According to the report, producers outside the Organization of the Petroleum Exporting Countries and its allies (OPEC+) will lead the expansion of global production capacity needed to meet this anticipated demand, primarily in economies emerging countries, which will represent three-quarters of the increase expected by 2030.

“The United States alone is expected to contribute 2.1 million bpd to non-OPEC+ countries’ gains, while Argentina, Brazil, Canada and Guyana will make an additional contribution of 2.7 million bpd.” The report predicts that as the flow of approved projects dries up, towards the end of the decade, capacity growth of major non-OPEC+ producers will slow and then stop,” the report said.

“However, if companies continue to approve additional projects already planned, non-OPEC+ capacity could increase by 1.3 million bpd by 2030.”

OPEC is more optimistic about growth in oil demand. (Shutterstock)

Refining capacity

The report highlights that global refining capacity is expected to grow by 3.3 million bpd between 2023 and 2030, which is well below historical trends.

The IEA estimates that this growth should be sufficient to meet demand for refined petroleum products during this period given the simultaneous increase in the supply of unrefined fuels such as biofuels and natural gas liquids.

The agency further states that refiners will need to gradually modify their products to respond to divergent trends in the distillate market.

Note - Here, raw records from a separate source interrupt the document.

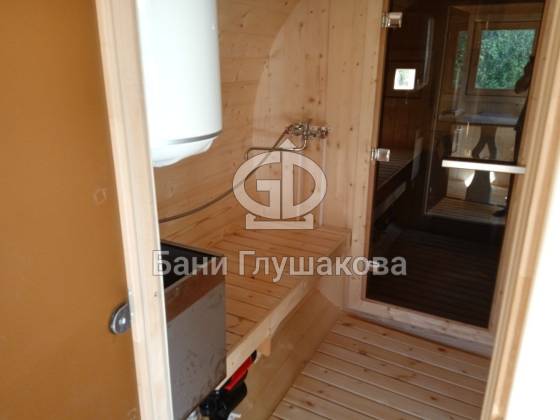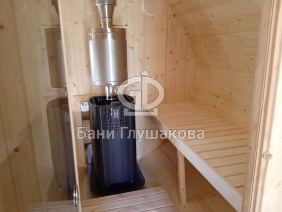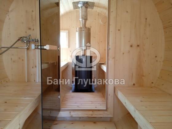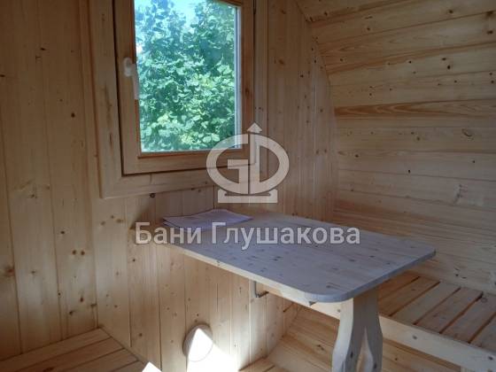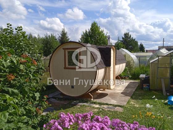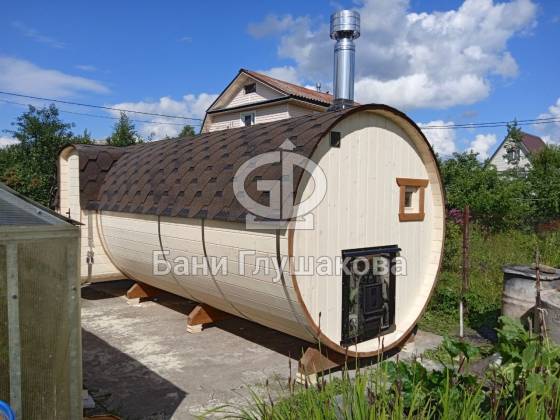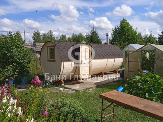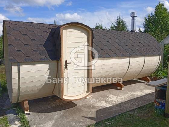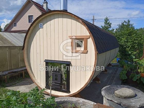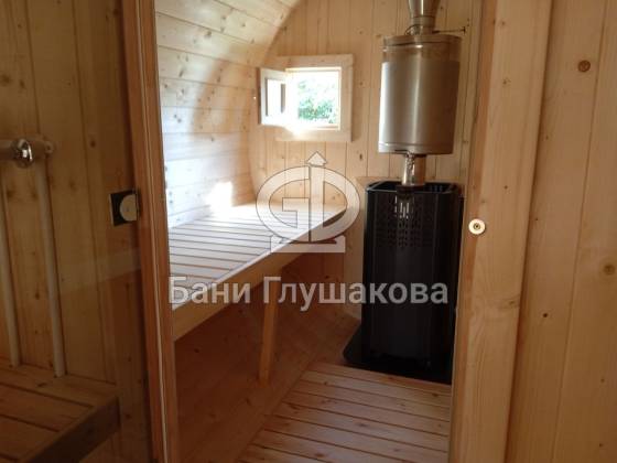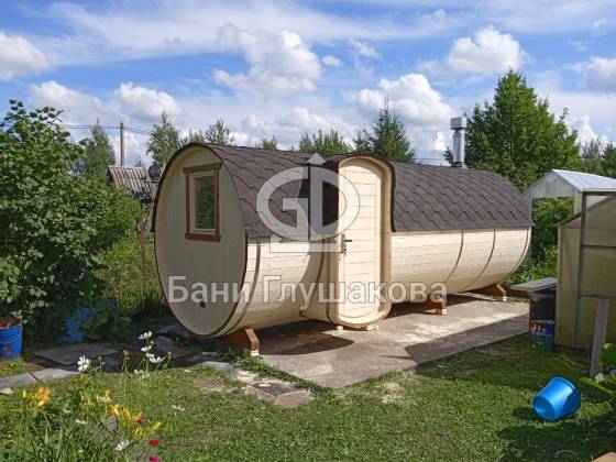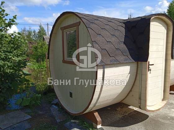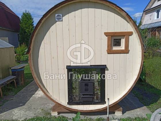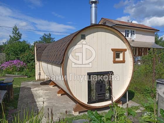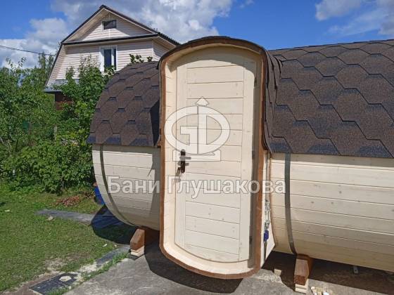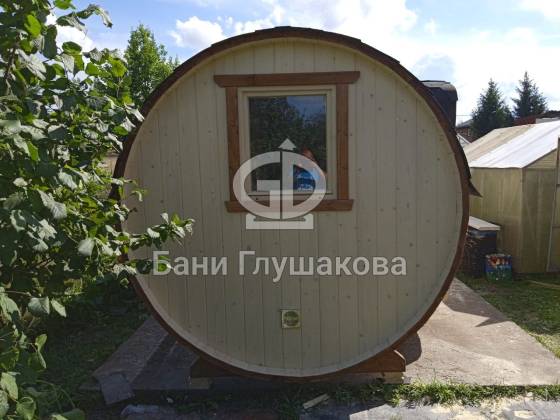 Круглая баня бочка «Кашира» с «Корабельной» дверью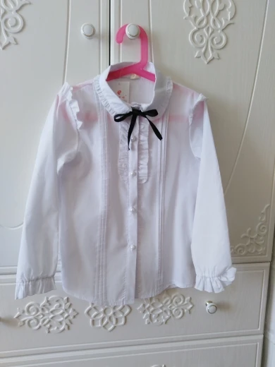 Блузки для девочек, хлопковые, с длинным рукавом, в стиле преппи, с оборками, повседневные, для весны и осени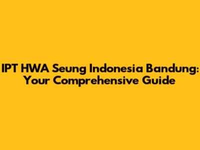 Hey guys! Are you looking for information about IPT HWA Seung Indonesia in Bandung? Well, you've come to the right place. This article will dive deep into everything you need to know, from its background and services to how it impacts the local community. Let's get started!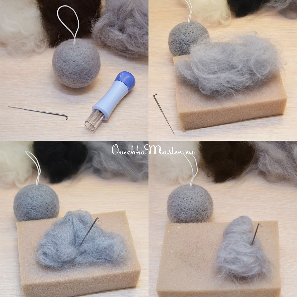 Всем добрый день. В прошлом году я валяла Свиношарики, а вчера сделала первый Крысошарик. И хочу поделиться с вами этой идеей. Такие забавные ёлочные игрушки вызывают только положительные эмоции. В прошлом году это был просто хит! Я уже говорила о том, что в дальнейшем хочу сделать набор из 12 разных шариков, привязанных к гороскопу. Поэтому постепенно буду делать подобные мастер-классы, и ближайший будет на тему: как сделать шарик Свинью. Вдруг кто-нибудь тоже захочет сделать, повторить. Итак, первый этап (смотать шарик из шерстяной пряжи и покрыть его слоем шерсти) я пропустила. Так как во всех поделках он одинаковый, и я показывала это уже не раз (ссылки оставлю в конце). И начинаю сразу с уже подготовленного серого шарика. Как всегда в работе я использую основную иголочку № 38 "Звезда" (или треугольную № 40). Но еще понадобятся более толстая игла № 36 и устройство с 7 иголками. Сначала буду создавать нос! Беру большой кусочек серой шерсти и придаю ему форму треугольника. Сначал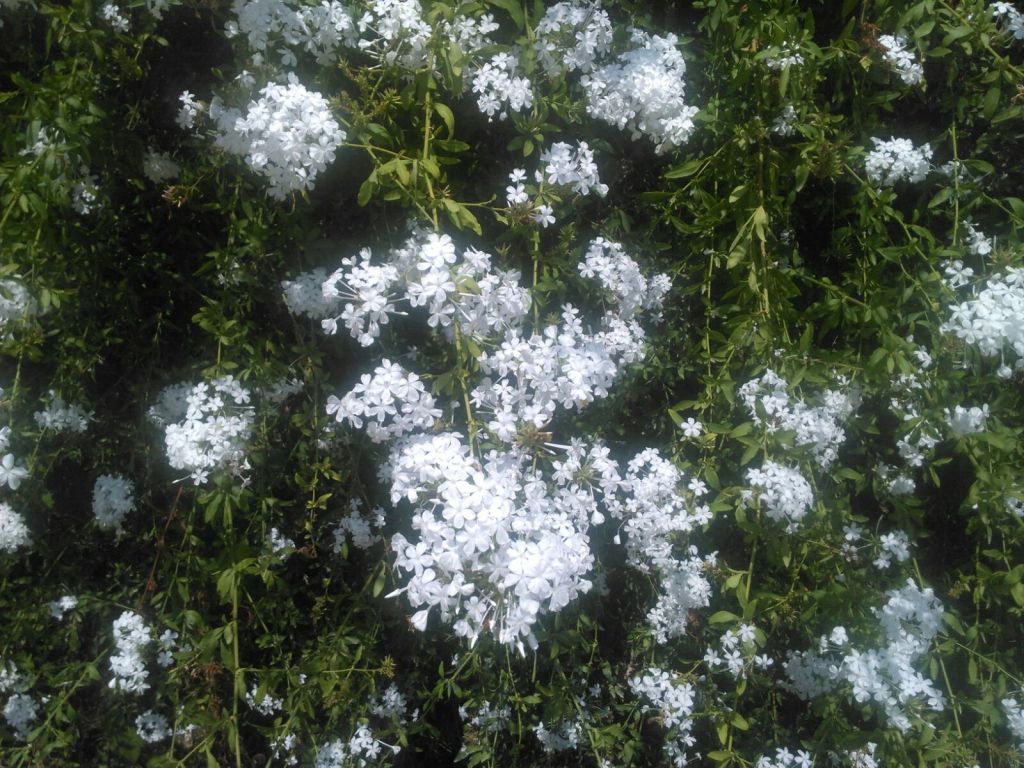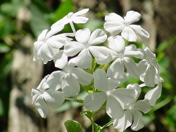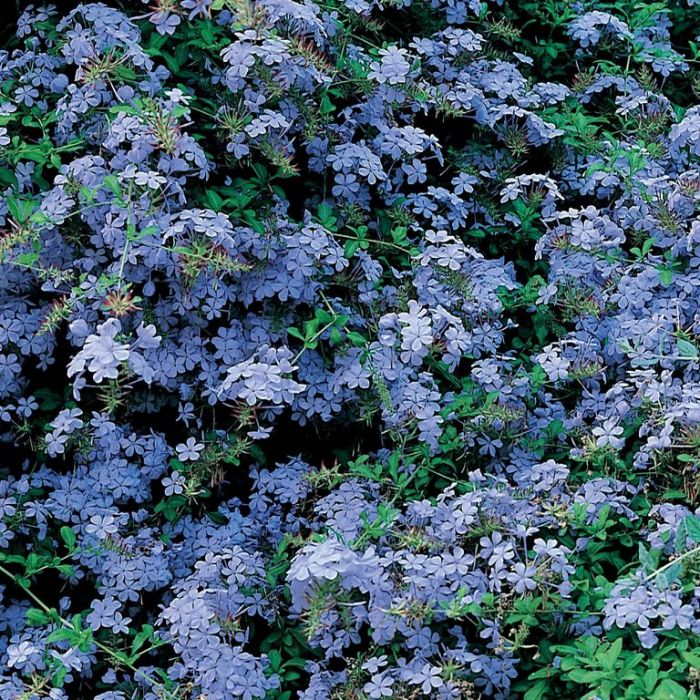 Plumbago auriculata crece rápido con flores celestes a azules, y variegadas Alba con flores  blancas, y el “ Royal cape  “ con un  azul más  oscuro.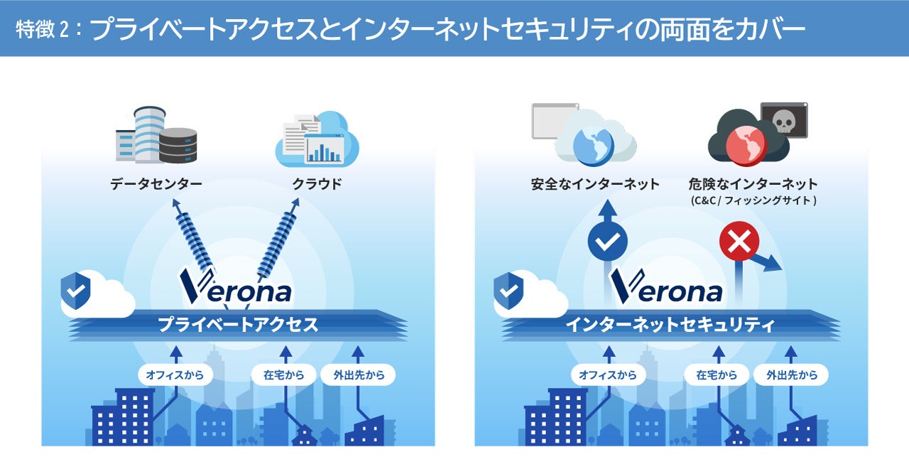 - テレワーク時のインターネットアクセスの快適性とセキュリティ強化を両立する「Verona」

Indeed, the demand for gasoline is decreasing due to the increasing market share of electric vehicles, while the consumption of kerosene is increasing.

According to the IEA, unrefined fuel products are expected to contribute more than 75% of projected demand growth over the period 2023-2030.

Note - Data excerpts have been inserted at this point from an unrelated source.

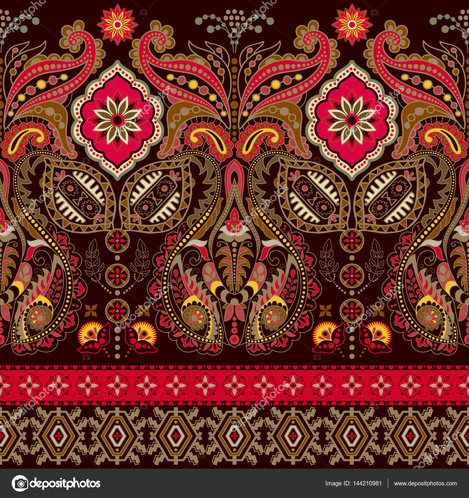 Vector Clipart Indian Seamless Pattern Wallpaper With Paisley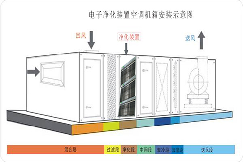 中央空調(diào)電子空氣凈化器通過中央空調(diào)循環(huán)流動風的方式對房間內(nèi)的空氣進行凈化。本凈化器由金屬過濾網(wǎng)、高壓靜電除塵器、集塵室組成。大部分 “重”的顆粒物在通過電子空氣凈化機的金屬過濾網(wǎng)時被過濾。更小的顆粒物隨氣流進入電離區(qū)(通過PWM電流型高頻變換技術,輸出7500V-8500V穩(wěn)壓、恒流的直流電壓,形成強電場)時,被高電壓電離—賦予正電荷。當帶正電荷的粒子通過帶有負電荷的集塵板(輸出4500V-5500V恒流的的直流高電壓)時被吸附在集塵板上,強電場可擊穿附著在顆粒物表面的細菌、病毒和微生物的細胞壁,并將其殺死。安裝方式:管道式、回風口式、機組式。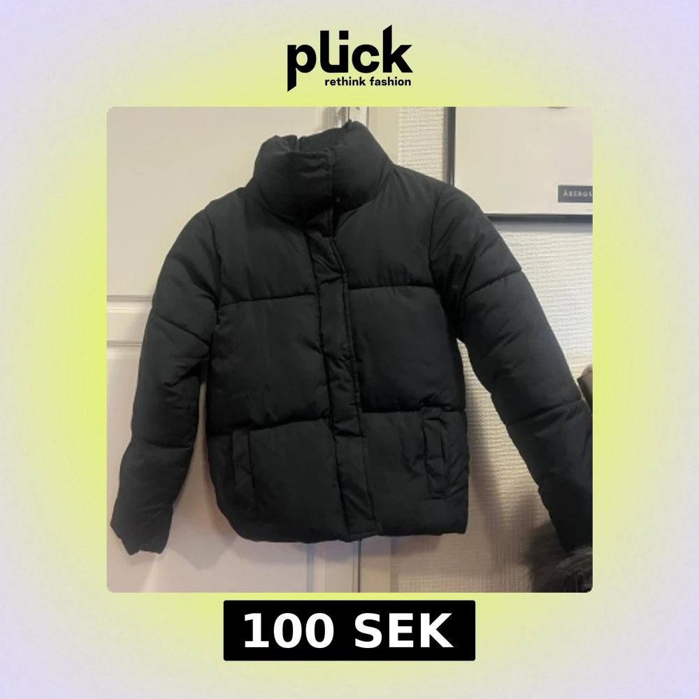 Säljer en stilren svart pufferjacka med hög krage och dragkedja. Perfekt för kyliga dagar när du vill hålla värmen utan att kompromissa med stilen. Storlek 150 men passar xs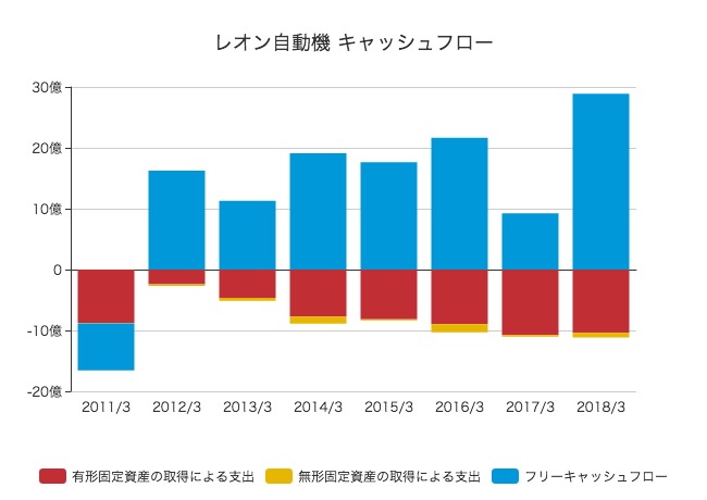 営業キャッシュフローから設備投資の金額を引いたFCF(フリーキャッシュフロー)を計算すると、直近では29億円弱にまで拡大。

“This surge in unrefined product supply will place additional pressure on refinery operating rates and profitability, particularly in mature demand centers. This suggests further capacity closures by the end of the decade,” the report underlines.

“Capacity growth will remain concentrated in Asia, particularly China and India, but after 2027 there are signs of slowing expansion.”

OPEC optimistic

While the IEA forecasts a slowdown in oil demand growth, OPEC is optimistic about the future, and the producers’ alliance believes its forecasts are more accurate.

At the International Economic Forum in St. Petersburg on June 6, Haitham al-Ghais, secretary general of OPEC, said the world would see continued growth in oil demand in the coming years.

“Last year, OPEC’s forecast for oil demand was the best. All those who criticized OPEC’s forecasts continued to adjust their figures throughout the year,” underlined Mr. Al-Ghais.

Furthermore, the latter made it clear that all energy sources were necessary for the future and that efforts must be made to reduce emissions.

“According to our statistical projections, 600 million people will move to new cities by 2030 as part of urbanization. This puts things in context. We need all sources of energy. We should not discriminate against any energy source. The focus must be on reducing emissions,” concluded Mr. Al-Ghais.